What did the study ask? |
What are the long-term cumulative clinical benefits, assessed as complete and almost-complete skin clearance based on area under the curve, for biologics in the treatment of moderate-to-severe psoriasis? |
What was learned from the study? |
In a network meta-analysis assessing area under the curve up to 52 weeks, ixekizumab showed the highest cumulative benefit for complete clearance, followed by risankizumab and other biologics. |
For almost-complete clearance, risankizumab showed the highest cumulative benefit, followed by ixekizumab and other biologics. |
Introduction
Psoriasis is a chronic inflammatory skin disease affecting approximately 2–3% of the population in the USA [1]. Many biologic therapies that target critical immune-mediated pathways involved in the pathogenesis of psoriasis have been approved, including first-generation tumor necrosis factor (TNF) inhibitors, followed by second-generation biologics such as interleukin (IL)-17, IL-12/23, and IL-23 inhibitors, which elevated the treatment goals for psoriasis. Since there are many biologic choices available to patients and practitioners, comparative data among biologics are needed to help inform treatment decisions.
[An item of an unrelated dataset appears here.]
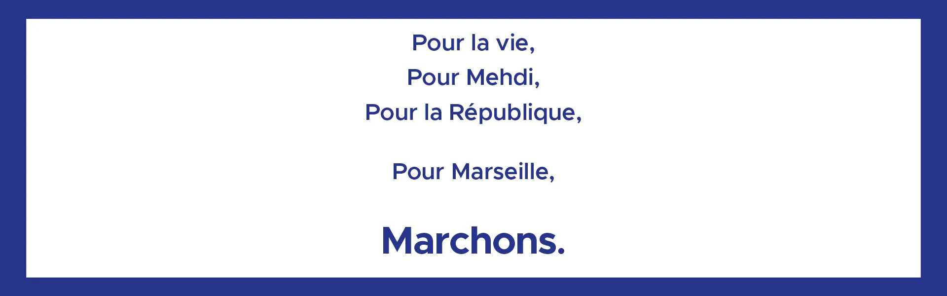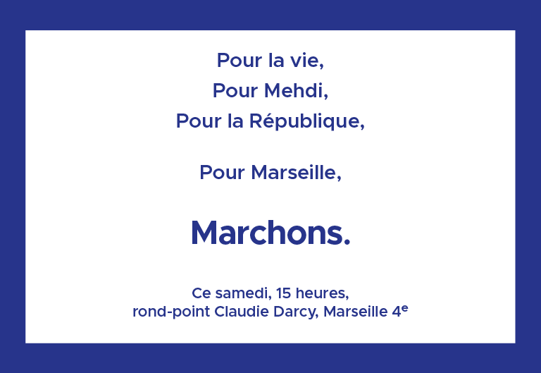 Vignette Catégorie principale Icone ILLUSTRATOR_ICONS_MAIRIE Nom Mairie Couleur #2c62cb Marchons. Dernière mise à jour : Vendredi 21 novembre 2025 Pour la vie, Pour Medhi, Pour la République, Pour Marseille, Marchons. Ce samedi, 15 heures,rond-point Claude Darcy, Marseille 4e

Both rapid onset of treatment response and the magnitude of sustained response are important to patients affected by psoriasis [2,3,4]. However, in chronic inflammatory diseases generally, it is also important to assess cumulative disease impact as a marker of overall inflammatory burden; for example, in psoriatic and rheumatoid arthritis, structural damage serves as both an important endpoint and as a surrogate marker of cumulative disease impact. In patients suffering with chronic skin disease, including psoriasis, cumulative life course impairment (CLCI) [5] is a multidimensional tool designed to assess the cumulative burden of skin disease over time. Area under the curve (AUC) for clinical response provides a cumulative assessment of treatment effect, capturing not only the magnitude and speed of onset, but also the maintenance of clinical response over time [6,7,8]. Indeed, measurements of long-term cumulative benefit may provide more clinically meaningful data than measurements of response at a single timepoint.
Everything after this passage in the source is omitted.